The Rutherford Medal (2000): New Zealand’s top science award.
American Chemical Society Award in Materials Chemistry (1999).
Honorary Doctorates: He received over 20 honorary degrees from universities worldwide, including the University of Pennsylvania and Victoria University of Wellington.

5. Impact & Legacy

MacDiarmid’s work created a bridge between the worlds of organic chemistry and condensed matter physics.
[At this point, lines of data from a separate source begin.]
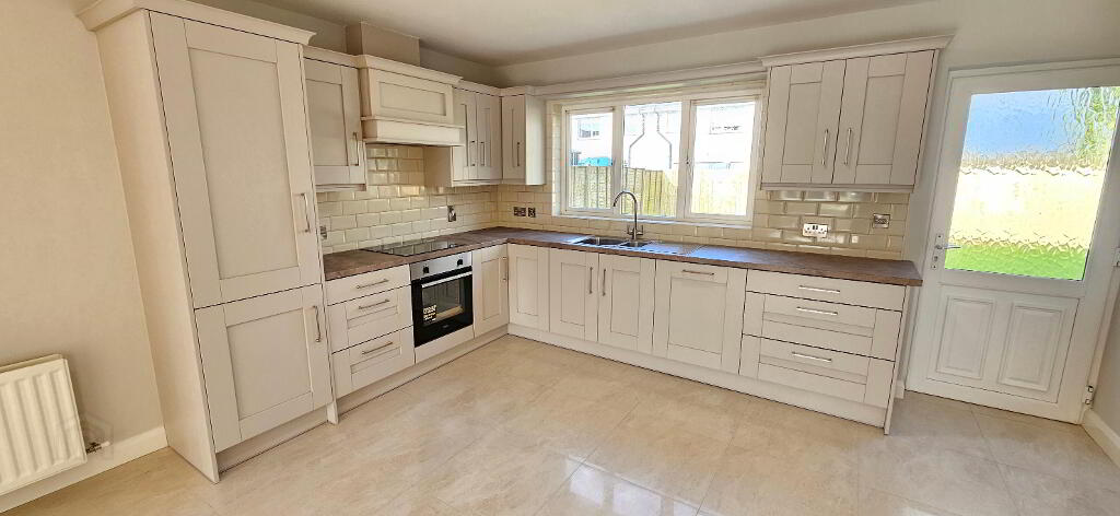 This home has been tastefully modernised throughout, featuring a contemporary fitted kitchen with integrated appliances, high-quality tiling, and brand-new carpeting in all bedrooms. With a spacious, well-laid-out interior and thoughtful finishes, this property offers immediate comfort and style. Set just a short walk from the train station and only a 5-minute drive to the town centre, this location combines convenience with peaceful residential living. Inside, the property is entered via a bright and welcoming central hallway. To the left is a generous living room featuring a bay window and open fireplace, perfect for cosy evenings. To the rear, the large open-plan kitchen and dining area overlook a private, enclosed garden, ideal for family life and entertaining. Accommodation includes three spacious double bedrooms, with the master bedroom enjoying an en-suite. The main family bathroom is spacious and well-appointed. A fold-down stairs provides access to a fully floored attic space, complete with skylight and provision made for electrical, this offers excellent potential for further development into two additional bedrooms and a bathroom.
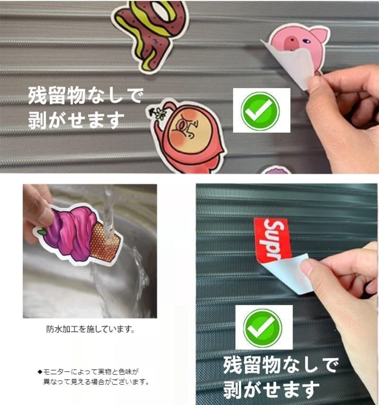 【ステッカー - 使用方法】まずは滑らかな表面をきれいにし、その後、お気に入りのステッカーを選択してその上に貼ります。ステッカー埃や水などの影響でステッカーの粘着力が弱くなる場合がございますので、使う前にちゃんと貼る表面をきれいにしてください。
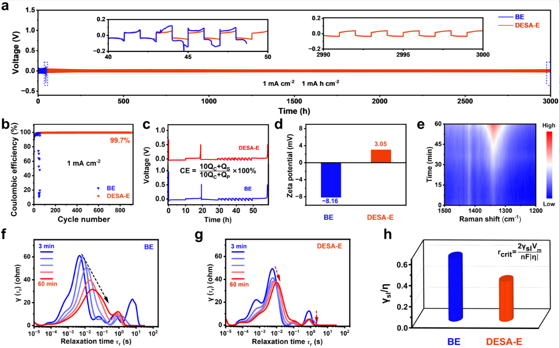 DESA-E 体系显著优化锌沉积/剥离性能,对称电池在1mAcm–2下稳定循环3000小时,不对称电池可运行900 次,远超传统 BE体系。其[PeMIM]+吸附锌表面,降低水分子吸附并形成静电屏蔽,引导Zn2+均匀沉积,实现界面稳定性与动力学协同提升(图4)。

His legacy is visible in several multi-billion dollar industries:

OLED Technology: The screens on modern smartphones and high-end televisions utilize light-emitting polymers derived from his research.
Flexible Electronics: His work made "plastic circuits" possible, leading to wearable sensors and rollable displays.
Energy Storage: Conductive polymers are used in lightweight batteries and high-capacity supercapacitors.
Solar Energy: Organic photovoltaics (OPV) offer a cheaper, flexible alternative to traditional silicon-based solar panels.
Institutional Legacy: The MacDiarmid Institute for Advanced Materials and Nanotechnology in New Zealand was named in his honor and remains a premier global research hub.

6. Collaborations

MacDiarmid was a firm believer that

"Chemistry is People."

His most famous collaboration was the "Two Alans and a Hideki" trio:

Alan Heeger: A physicist whose mathematical models explained how the electrons moved.
Hideki Shirakawa: A chemist whose synthetic techniques provided the necessary materials.
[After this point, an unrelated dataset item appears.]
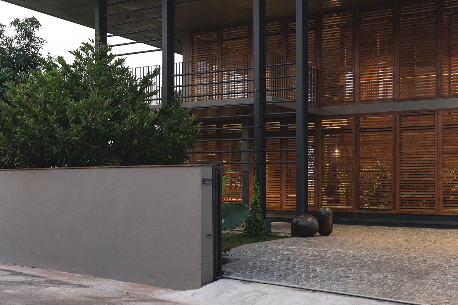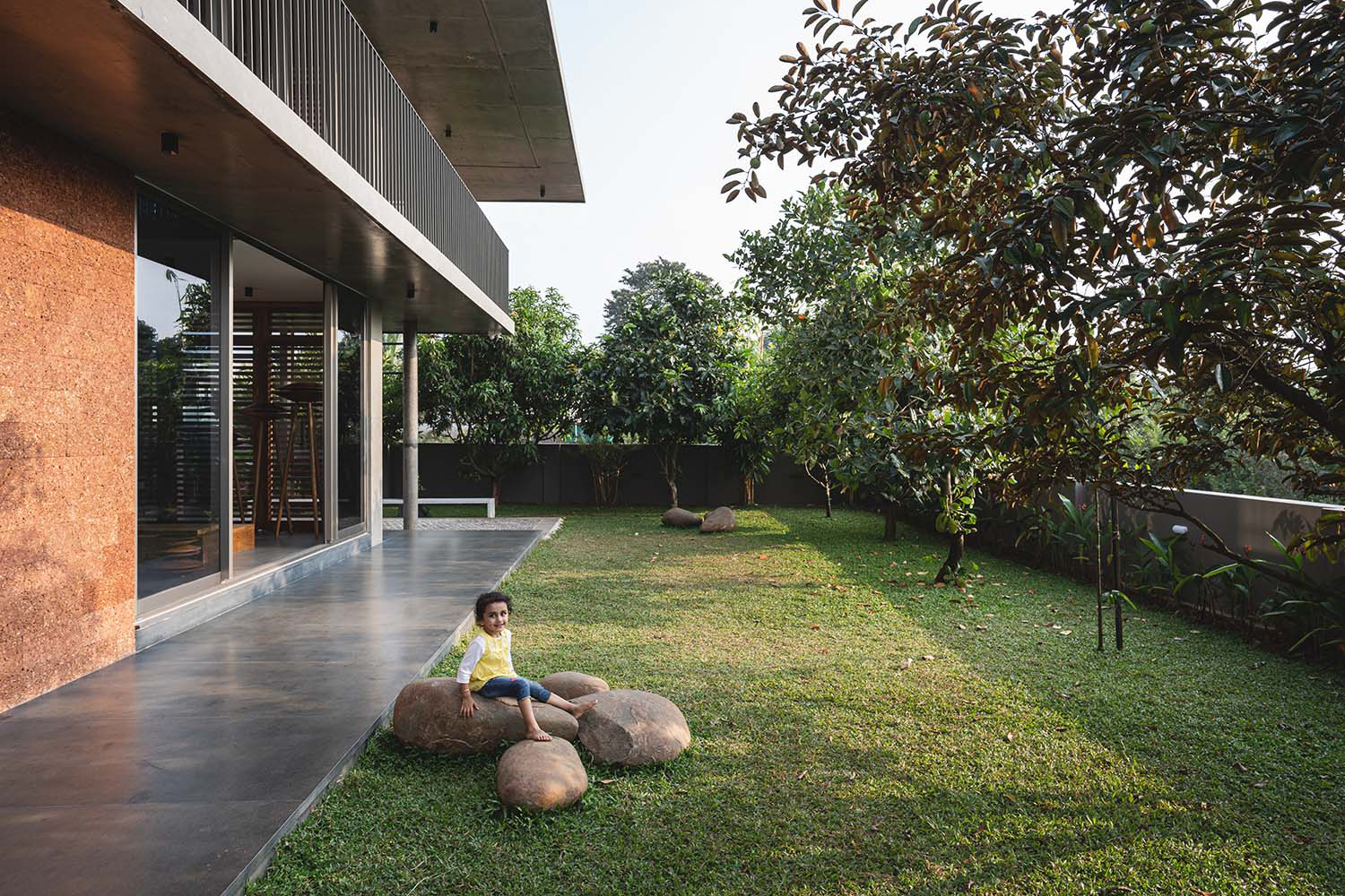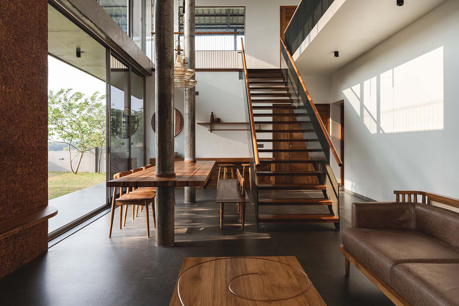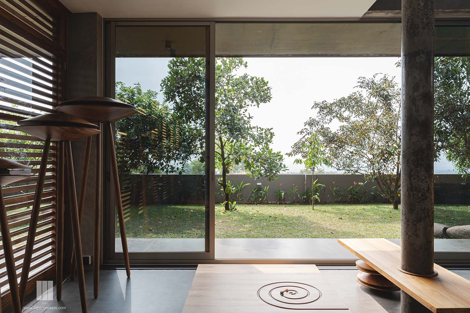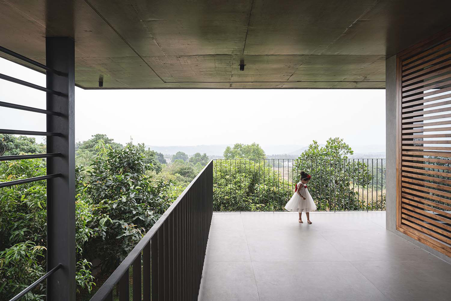 Perched atop a hill in Taliparamba, Kerala, The Slab by 3dor Concepts is a 400 m² residence designed for a family of six seeking tranquility and connection to nature. The home features a striking RCC roof slab supported by exposed I-beams, complemented by full-height wooden louvered doors that enhance cross-ventilation and shade. Strategically oriented to capture panoramic views, the two-story layout includes a double-height living and dining area, four bedrooms, and a kitchen. A cantilevered balcony doubles as a shaded porch, while laterite walls and concrete finishes blend the structure into its surroundings. Minimalist interiors feature custom furniture, including a floating dining table and a sculptural staircase, embodying a harmonious blend of form and function. Area: 4305 sq.ft Year: 2023 Location: Kannur

In his later years, he collaborated extensively with Ray Baughman at UT Dallas on carbon nanotubes and artificial muscles. He was also known for his devotion to his students, often crediting his lab assistants and post-docs as the true engines of his Nobel-winning research.

7. Lesser-Known Facts

The "Happy Accident": The discovery of conductive polyacetylene began with a linguistic misunderstanding. A visiting student in Shirakawa’s lab misunderstood the instructions and used 1,000 times more catalyst than required, resulting in a beautiful silvery film instead of the expected black powder. When MacDiarmid saw this film during a visit to Tokyo, he famously invited Shirakawa to Philadelphia, saying:
"If you can make it look like silver, why can't we make it conduct like silver?"
Work Ethic: MacDiarmid was known for his legendary 4:00 AM starts. He claimed his most creative thinking happened before the sun came up and before the "noise" of the day began.
A "Kiwi" at Heart: Despite spending most of his life in the U.S., he never lost his New Zealand accent and remained a passionate advocate for science education in his home country.
The "Nobel Effect": After winning the Nobel Prize, he used his fame to travel the world—particularly to China and Brazil—to advocate for "clean energy" and the use of chemistry to solve global poverty. He was a diplomat for science as much as a researcher.